On 24/6/24 22:22, Richard wrote:
Since it's quite OT, starting a new thread for this.
I would most certainly never call formats like ooxml or odf
“publishing formats”, they are content creation or editing formats.
From a publishing format I expect to be able to show the content as
intended — which actually neither of them can do 100 % can, the
probability of messing up just isn't that big. Either you want a fixed
format, e.g. for printing, what you get with the likes of PDF, PS, SVG
or your various raster graphic formats. Or you want your content to
adapt in a foreseeable way to the viewer, i.e. HTLM, usually with the
help of CSS and worst case JS. Sure, ooxml and odf want to be the
former, but due to technical caveats that's not necessarily possible.
With ooxml, you have several incompatible versions you can't just
easily tell apart, often making identical display impossible due to
using but not embedding proprietary fonts by default — and being an
abomination of a format spanning around 5500 pages plus another 1000
pages for their tranistional mode, that was only standardized by
world-wide corruption. ODF usually does things way better, but support
in software beyond LibreOffice is still often lacking — though that's
not their fault since their format is much simpler, being documented
in just around 1000 pages. But still, as it doesn't communicate fixed
positions — and as far as I can tell doesn't imply those by telling
the software explicitly how to render font, so the result will always
look identical, and won't embed fonts — or the needed subset — by
default, it's also kinda not fulfilling the needs.
I triggered this by saying docx and pdf are publishing formats. In the
world of professional content management that is exactly so. You have
your content in a neutral format in a version controlled storage system,
and you have choice to publish in pdf or docx or html or epub or
whatever. What you don't do is use these output formats as your primary
content.
Examples relevant to debian include package documentation such as man
pages, markdown, doxygen, docbook, latex.
In fact I can't think of any project in debian that has pdf or docx as
the primary source of documentation
Tools that can do this transform include pandoc, Visual Studio Code,
ghostwriter, marktext and many many more.

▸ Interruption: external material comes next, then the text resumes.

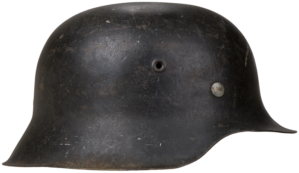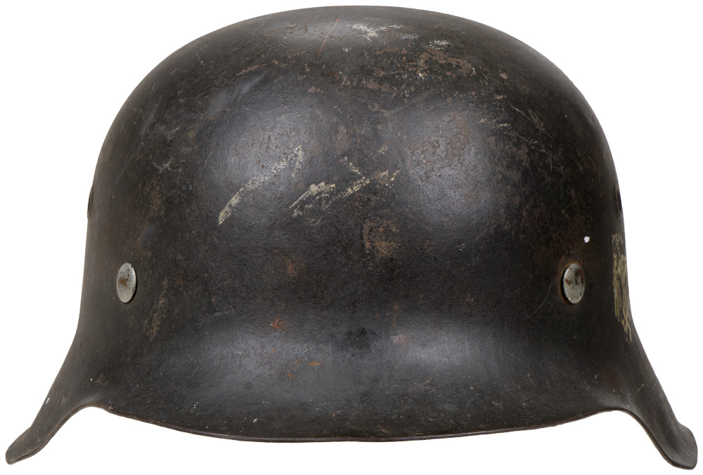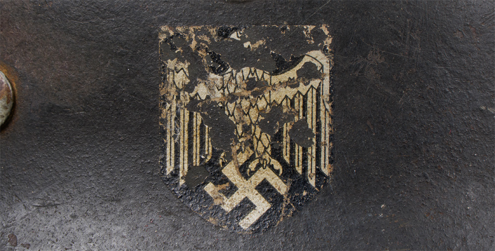 BACKGROUND: The first "modern" steel helmets were introduced by the French army in early 1915 and were shortly followed by the British army later that year. With plans on the drawing board, experimental helmets in the field, ("Gaede" helmet), and some captured French and British helmets the German army began tests for their own steel helmet at the Kummersdorf Proving Grounds in November, and in the field in December 1915. An acceptable pattern was developed and approved and production began at Eisen-und Hüttenwerke, AG Thale/Harz, in the spring of 1916. These first modern M16 helmets evolved into the M18 helmets by the end of WWI. The M16 and M18 helmets remained in usage through-out the Weimar Reichswehr era and on into the early years of the Third Reich until the development of the smaller, lighter M35 style helmet in June 1935. In an effort to reduced construction time and labor costs minor modifications were introduced in March 1940 resulting in the M40 helmet. Further construction modifications were undertaken in August 1942 resulting in the M42 helmet. Originally the Third Reich national tri-color helmet decal was introduced on March 14TH 1933 for wear on the left side of the helmet to replace the Reichswehr era state shield insignia. Regulations of February 17TH 1934 introduced the Wehrmacht eagle decal and the national tri-color decal was shifted to the right side of the helmet with the Wehrmacht eagle decal positioned on the left hand side. Regulations of March 21ST 1940 dictated that the national tri-color decal was to be removed from all helmets and further regulations of August 28TH 1943 abolished the Wehrmacht eagle decal and dictated that it was also to be removed from all helmets although the directives were not completely adhered to.

And no, editing a PDF as docx isn't the easiest — not to mention best
— way to edit a PDF, especially not with some ominous web tool. Maybe
someone can write an AI for that, but even then it's most likely much
easier to just go the OCR route to derive content and extract layout
from the document. At least I don't know how strict PDF defines
things, I only always hear that PDF is at least as much of an unholy
mess as ooxml — which was supposed to be fixed by PDF 2.0, which still
pretty much no software creates by default, even though most software
seems to be supporting it — and writing tools like Ghostscript or
Poppler is a royal pain. LaTeX can probably only circumvent this
because they just have to create a PDF from a predefined set of
functions — and be able to embed other PDFs into these PDFs. But the
most reliable way to edit PDFs — as I have little to no experience
with most commercial solutions — is Inkscapte. If the internal
importer succeeds, you get creat text editing features, which
obviously can't rival office suites, but at least you don't completely
and almost guaranteed completely mess up the whole layout.
Richard
In my most recent experience, OCR of pdf documents is quite difficult if
the layout is significant such as in bank statements. There are various
tools to assist in extracting the content but it's quite marginal.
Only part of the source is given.